### Input material
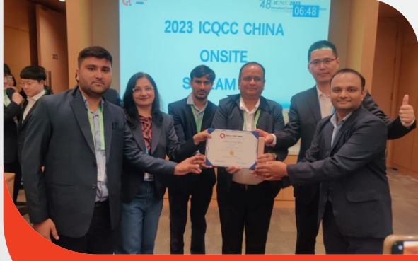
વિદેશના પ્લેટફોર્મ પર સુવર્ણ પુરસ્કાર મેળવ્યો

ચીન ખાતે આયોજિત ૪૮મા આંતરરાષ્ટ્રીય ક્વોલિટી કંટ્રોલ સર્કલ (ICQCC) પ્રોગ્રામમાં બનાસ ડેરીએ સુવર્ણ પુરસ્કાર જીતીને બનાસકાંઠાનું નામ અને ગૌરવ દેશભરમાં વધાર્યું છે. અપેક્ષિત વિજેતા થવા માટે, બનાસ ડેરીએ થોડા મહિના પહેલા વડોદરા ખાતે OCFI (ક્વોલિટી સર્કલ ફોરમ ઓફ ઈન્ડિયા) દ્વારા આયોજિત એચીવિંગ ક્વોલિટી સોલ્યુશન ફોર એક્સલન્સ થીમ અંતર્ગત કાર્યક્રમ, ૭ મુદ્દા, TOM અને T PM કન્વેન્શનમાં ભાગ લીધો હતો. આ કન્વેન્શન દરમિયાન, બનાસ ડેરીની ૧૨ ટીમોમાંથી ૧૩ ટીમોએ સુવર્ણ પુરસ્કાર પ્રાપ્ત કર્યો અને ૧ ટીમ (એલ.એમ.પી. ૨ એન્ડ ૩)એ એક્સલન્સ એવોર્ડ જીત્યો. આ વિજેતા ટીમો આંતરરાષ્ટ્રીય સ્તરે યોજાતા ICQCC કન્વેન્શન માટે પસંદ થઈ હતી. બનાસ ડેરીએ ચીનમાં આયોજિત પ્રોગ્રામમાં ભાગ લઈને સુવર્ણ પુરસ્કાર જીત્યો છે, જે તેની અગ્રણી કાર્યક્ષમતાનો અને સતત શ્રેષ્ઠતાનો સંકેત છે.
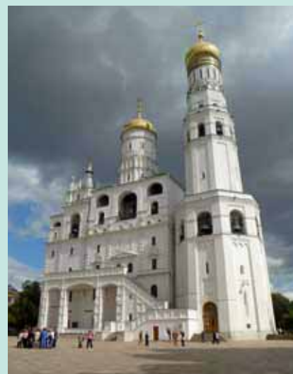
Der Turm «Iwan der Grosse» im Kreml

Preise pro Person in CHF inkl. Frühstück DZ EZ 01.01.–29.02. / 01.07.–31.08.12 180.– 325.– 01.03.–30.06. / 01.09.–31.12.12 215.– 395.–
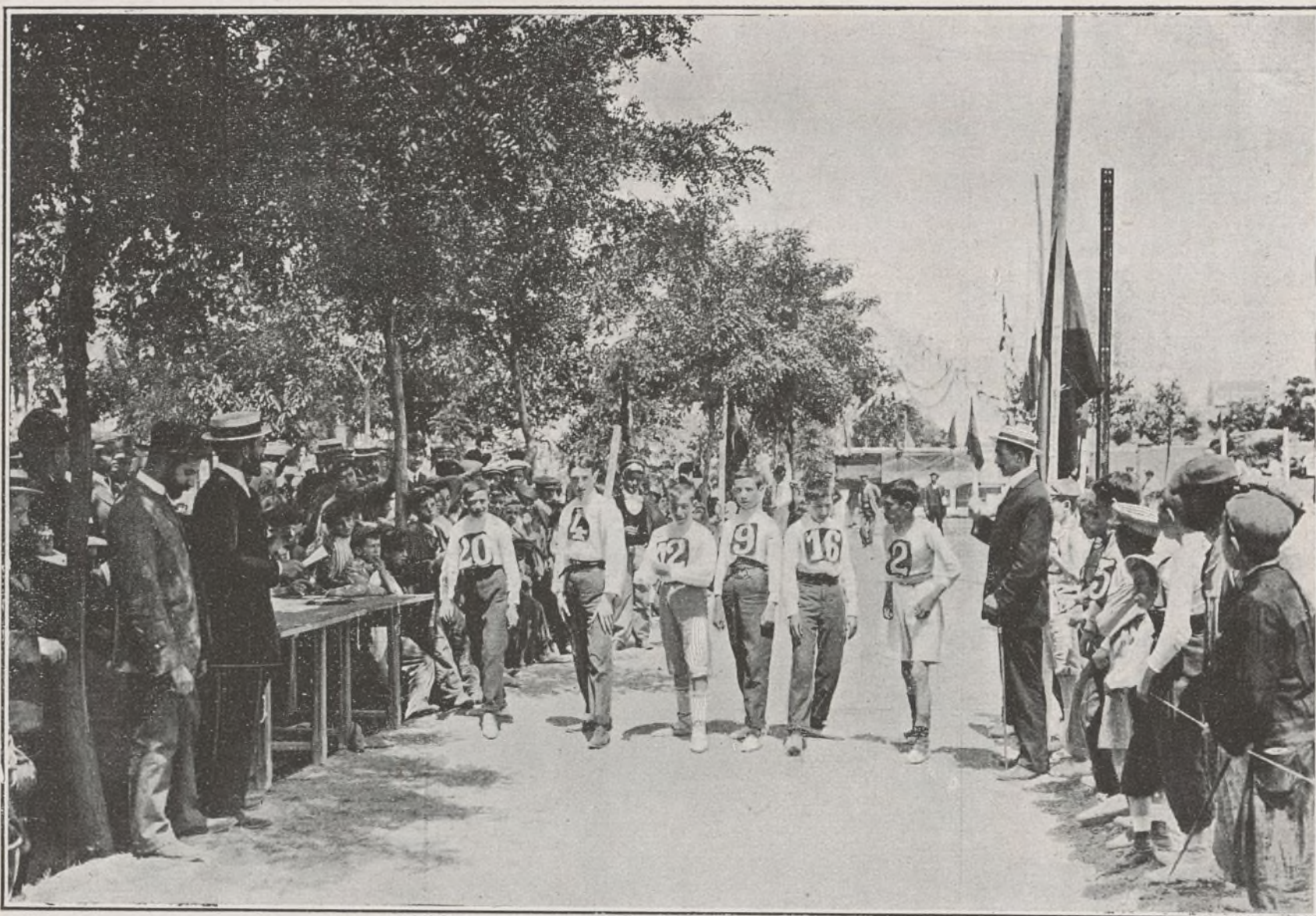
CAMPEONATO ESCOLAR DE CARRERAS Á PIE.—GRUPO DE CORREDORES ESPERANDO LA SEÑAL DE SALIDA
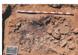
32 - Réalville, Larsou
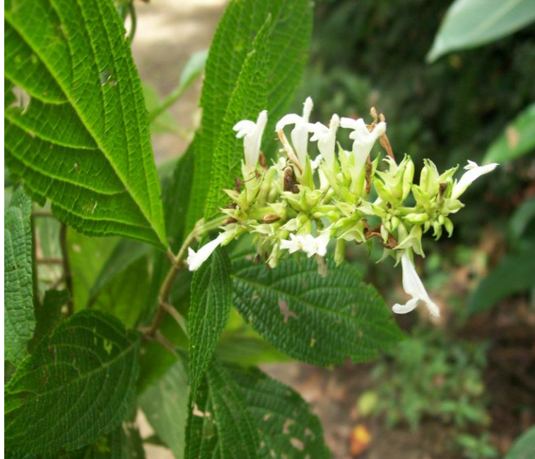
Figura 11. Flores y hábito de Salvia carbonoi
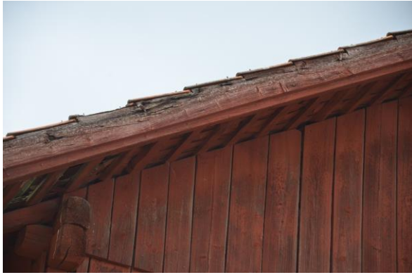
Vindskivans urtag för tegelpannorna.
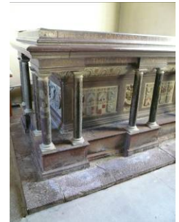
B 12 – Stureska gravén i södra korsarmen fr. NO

* * *

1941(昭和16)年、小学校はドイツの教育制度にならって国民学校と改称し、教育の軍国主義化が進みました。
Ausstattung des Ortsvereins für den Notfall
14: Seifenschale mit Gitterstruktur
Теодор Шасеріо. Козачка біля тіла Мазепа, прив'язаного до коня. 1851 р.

==

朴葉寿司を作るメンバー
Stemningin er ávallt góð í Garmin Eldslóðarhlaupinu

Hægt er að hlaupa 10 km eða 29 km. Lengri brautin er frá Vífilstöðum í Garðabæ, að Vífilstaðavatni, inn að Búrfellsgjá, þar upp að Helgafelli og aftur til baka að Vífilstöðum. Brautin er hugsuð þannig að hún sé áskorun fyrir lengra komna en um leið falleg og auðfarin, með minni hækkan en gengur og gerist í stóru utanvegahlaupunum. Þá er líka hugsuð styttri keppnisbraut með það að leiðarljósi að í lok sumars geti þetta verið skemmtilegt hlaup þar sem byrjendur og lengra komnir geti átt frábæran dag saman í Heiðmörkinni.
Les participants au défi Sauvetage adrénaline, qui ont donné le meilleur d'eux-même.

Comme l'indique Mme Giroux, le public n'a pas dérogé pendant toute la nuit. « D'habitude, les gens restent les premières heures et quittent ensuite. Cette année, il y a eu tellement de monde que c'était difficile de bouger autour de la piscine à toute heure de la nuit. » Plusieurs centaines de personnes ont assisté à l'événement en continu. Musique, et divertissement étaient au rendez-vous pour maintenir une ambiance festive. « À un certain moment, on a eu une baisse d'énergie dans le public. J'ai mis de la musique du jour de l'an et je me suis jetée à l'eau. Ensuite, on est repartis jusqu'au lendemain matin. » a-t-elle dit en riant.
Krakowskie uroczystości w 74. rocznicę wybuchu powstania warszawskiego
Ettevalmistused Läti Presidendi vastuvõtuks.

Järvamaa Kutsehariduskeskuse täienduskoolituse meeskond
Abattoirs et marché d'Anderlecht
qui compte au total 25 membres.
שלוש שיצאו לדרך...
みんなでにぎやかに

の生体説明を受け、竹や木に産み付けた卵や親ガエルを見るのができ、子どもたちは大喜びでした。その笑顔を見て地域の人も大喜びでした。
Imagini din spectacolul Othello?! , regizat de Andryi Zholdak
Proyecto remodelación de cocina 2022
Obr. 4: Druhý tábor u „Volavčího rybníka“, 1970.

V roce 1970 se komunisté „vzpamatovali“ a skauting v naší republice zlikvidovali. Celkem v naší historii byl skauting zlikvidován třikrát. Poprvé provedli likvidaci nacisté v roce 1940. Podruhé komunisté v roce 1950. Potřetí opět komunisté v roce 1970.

### What to do
Considering only the material above, set down every line from the one with "Ausstattung des Ortsvereins für den Notfall" to the one with "Теодор Шасеріо. Козачка", inclusive, exactly as written.

### Answer
Ausstattung des Ortsvereins für den Notfall
14: Seifenschale mit Gitterstruktur
Теодор Шасеріо. Козачка біля тіла Мазепа, прив'язаного до коня. 1851 р.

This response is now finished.